As we entered the next room, the narrator informed the children that they could touch everything they wanted to, nothing was off limits. He explained that when the clock chimed, it would be time to leave the world, but until then, they could explore to their heart's desire. For those with very little ones, it's good to know that it's a very compact, safe area. There's nowhere for the kids to get up to too much mischief, and it's perfect for little ones; inviting them to explore each area. It's full of thoughtful touches too. Stick man and his family were hiding in a tree house, the shops in The Smartest Giant in Town were beautifully detailed, the dragon from the Room in the Broom breathed smoke (my eldest would have loved it when he was tiny). Costumes are hung up throughout the area, such as witch hats, monkey and Gruffalo suits and cloaks. There were ships to explore, and rowing boats and whales to ride. Toddlers loved grabbing kitchen equipment and play food from the kitchen in A Squash and a Squeeze.
After the initial excitement wears off and you can lure your children back to your side, there's a quiz that older children can do, encouraging them to take notice of some of the more intricate details of the area. This is recommended for ages six and up, although my five year old happily joined in with some help. When the clock chimed to end the session, it was time to leave and everyone congregated to say goodbye. The Story- Explorer had a basket to collect any teddies or costumes and accessories that your little one have gotten attached to, so there's no need to feel too stressed if your child refuses to let go of Stick Man.

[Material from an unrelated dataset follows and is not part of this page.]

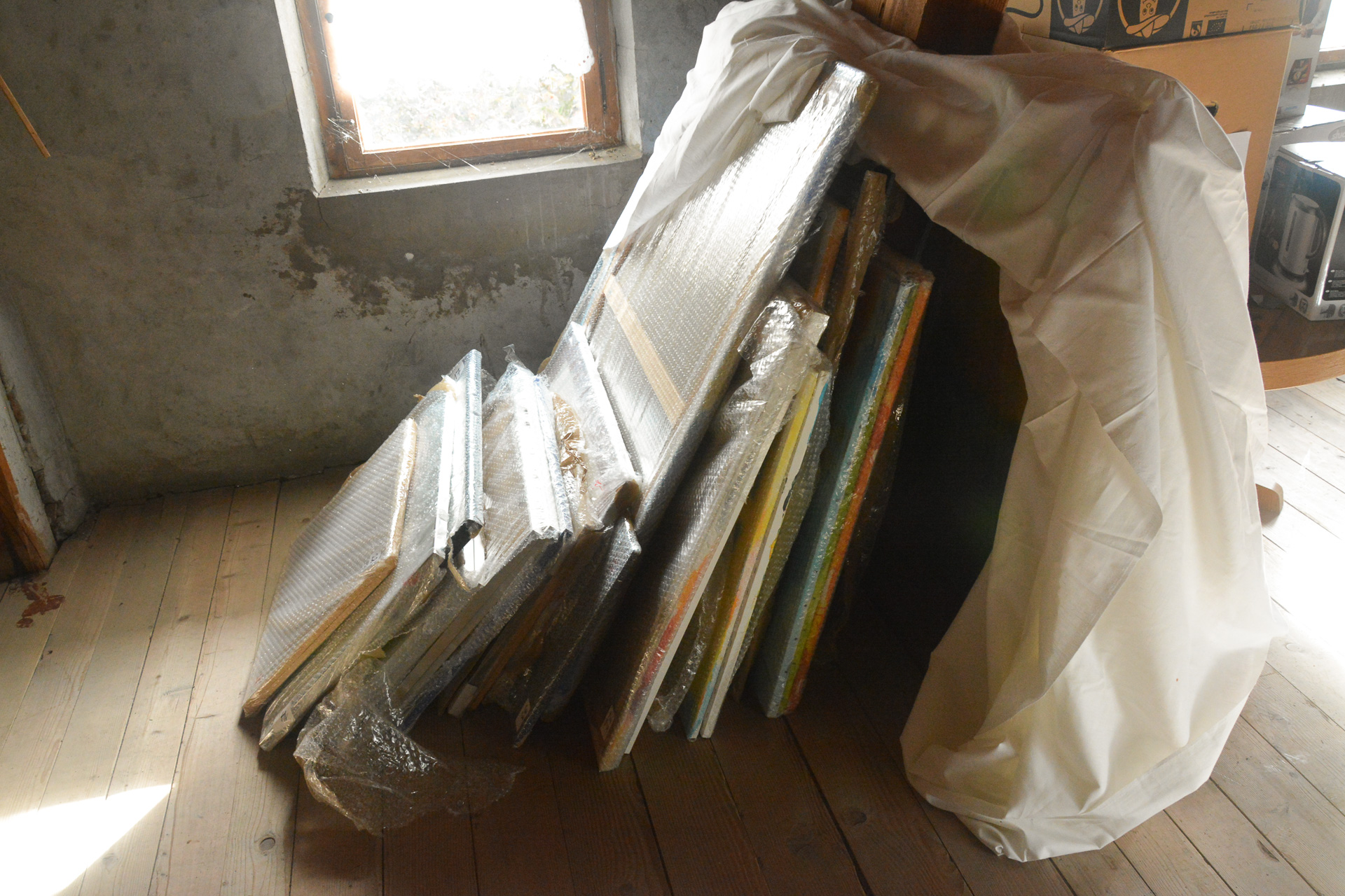 Auf dem Dachboden warten die Bilder nun auf ihre neuen Besitzer.

We ended our visit by watching a couple of animations on the small cinema room, although my daughter was quite disgruntled I had forgotten the popcorn.
What You Need to Know If You Are Visiting World Inside a Book: Gruffalos, Dragons and Other Creatures
Although there is no train station or tram station close to Z-arts, it is walkable from Oxford Road train station or Deansgate, although perhaps not for little legs. The 250 and 256 which you can get from Piccadilly Gardens stop close by.

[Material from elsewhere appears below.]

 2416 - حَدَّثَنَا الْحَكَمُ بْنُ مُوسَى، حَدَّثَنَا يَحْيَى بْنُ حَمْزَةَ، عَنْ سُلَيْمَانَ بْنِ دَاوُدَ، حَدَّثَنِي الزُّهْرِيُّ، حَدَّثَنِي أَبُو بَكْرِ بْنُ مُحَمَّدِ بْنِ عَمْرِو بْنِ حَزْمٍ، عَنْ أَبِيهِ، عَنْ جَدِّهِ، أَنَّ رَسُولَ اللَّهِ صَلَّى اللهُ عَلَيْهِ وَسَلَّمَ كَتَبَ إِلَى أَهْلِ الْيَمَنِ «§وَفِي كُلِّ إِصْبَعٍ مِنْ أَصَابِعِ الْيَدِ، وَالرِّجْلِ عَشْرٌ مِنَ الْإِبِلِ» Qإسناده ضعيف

If you are driving, it's worth knowing there is no car park, but there is lots of on-street parking, which was free after 6pm on weekdays and all day on the weekend. During the day, it is metered parking, but I didn't find it too expensive.
There is a cafe at Z-arts if you want to grab something to eat during your visit. It's quite a limited menu, but perfect for little ones, and there are veggie/vegan offerings too. Although it says on the website they generally serve lunch from 12 until 2, I did see a sign at the cafe saying that they will feed young tummies at anytime and to just ask, which I thought was a lovely touch.

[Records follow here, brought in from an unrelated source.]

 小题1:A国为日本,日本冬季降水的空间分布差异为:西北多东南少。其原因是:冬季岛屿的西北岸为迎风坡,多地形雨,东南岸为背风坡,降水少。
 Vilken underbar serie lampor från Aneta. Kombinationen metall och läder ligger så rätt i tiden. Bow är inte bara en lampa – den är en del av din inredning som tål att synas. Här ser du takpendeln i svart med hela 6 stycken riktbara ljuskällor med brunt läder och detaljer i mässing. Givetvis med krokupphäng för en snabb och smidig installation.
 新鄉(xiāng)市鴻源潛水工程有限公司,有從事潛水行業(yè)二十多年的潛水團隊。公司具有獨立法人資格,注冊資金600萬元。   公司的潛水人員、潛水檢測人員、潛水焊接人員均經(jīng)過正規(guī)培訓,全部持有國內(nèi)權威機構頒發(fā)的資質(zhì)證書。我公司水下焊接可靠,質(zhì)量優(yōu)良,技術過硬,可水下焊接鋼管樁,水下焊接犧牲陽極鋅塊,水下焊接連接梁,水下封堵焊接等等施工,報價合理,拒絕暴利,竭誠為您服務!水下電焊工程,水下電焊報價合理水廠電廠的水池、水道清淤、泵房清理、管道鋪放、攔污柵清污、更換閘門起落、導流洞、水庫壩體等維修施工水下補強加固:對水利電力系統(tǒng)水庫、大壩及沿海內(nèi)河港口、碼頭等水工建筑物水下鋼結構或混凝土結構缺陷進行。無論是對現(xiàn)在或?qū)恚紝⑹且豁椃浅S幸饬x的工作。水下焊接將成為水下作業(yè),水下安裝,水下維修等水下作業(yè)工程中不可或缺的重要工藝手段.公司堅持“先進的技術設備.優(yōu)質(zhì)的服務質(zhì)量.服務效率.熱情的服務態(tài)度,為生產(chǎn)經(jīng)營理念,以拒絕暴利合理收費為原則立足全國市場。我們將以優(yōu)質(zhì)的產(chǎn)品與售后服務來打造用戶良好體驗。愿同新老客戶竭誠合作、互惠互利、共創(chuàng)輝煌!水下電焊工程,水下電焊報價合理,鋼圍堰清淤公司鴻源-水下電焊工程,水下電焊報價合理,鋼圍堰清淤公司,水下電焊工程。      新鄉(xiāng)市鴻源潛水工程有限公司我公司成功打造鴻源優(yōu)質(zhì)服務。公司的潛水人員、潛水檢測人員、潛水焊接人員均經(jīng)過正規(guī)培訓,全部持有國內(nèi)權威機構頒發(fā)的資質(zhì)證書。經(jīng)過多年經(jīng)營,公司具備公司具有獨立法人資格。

A World Inside a Book: Gruffalos, Dragons and Other Creatures runs at Z-arts until February 2020. There are also relaxed and BSL interpreted showings available, and I love the fact that Z-arts offers the social story, so that you can prepare your children for their visit. You can find it here.
Tickets cost around £7 for children and adults, and £3 for babes in arms. The exhibition is proving extremely popular, and at time of writing is almost fully booked until mid July. So if you want to visit, make sure you book well in advance. Z-arts is also hosting birthday parties for between 20 and 30 kids, where your group can have the exhibition all to themselves, which I think is a fantastic idea.
It was my first visit to Z-arts, but it will definitely not be my last, as it's a lovely family space, with lots on for children. A visit to A World Inside a Book is a must for young families everywhere, even if your children are yet to have the joy of meeting with Julia Donaldson's wonderful characters. I have already promised my daughter we will return before the event ends, so that she can do it all over again.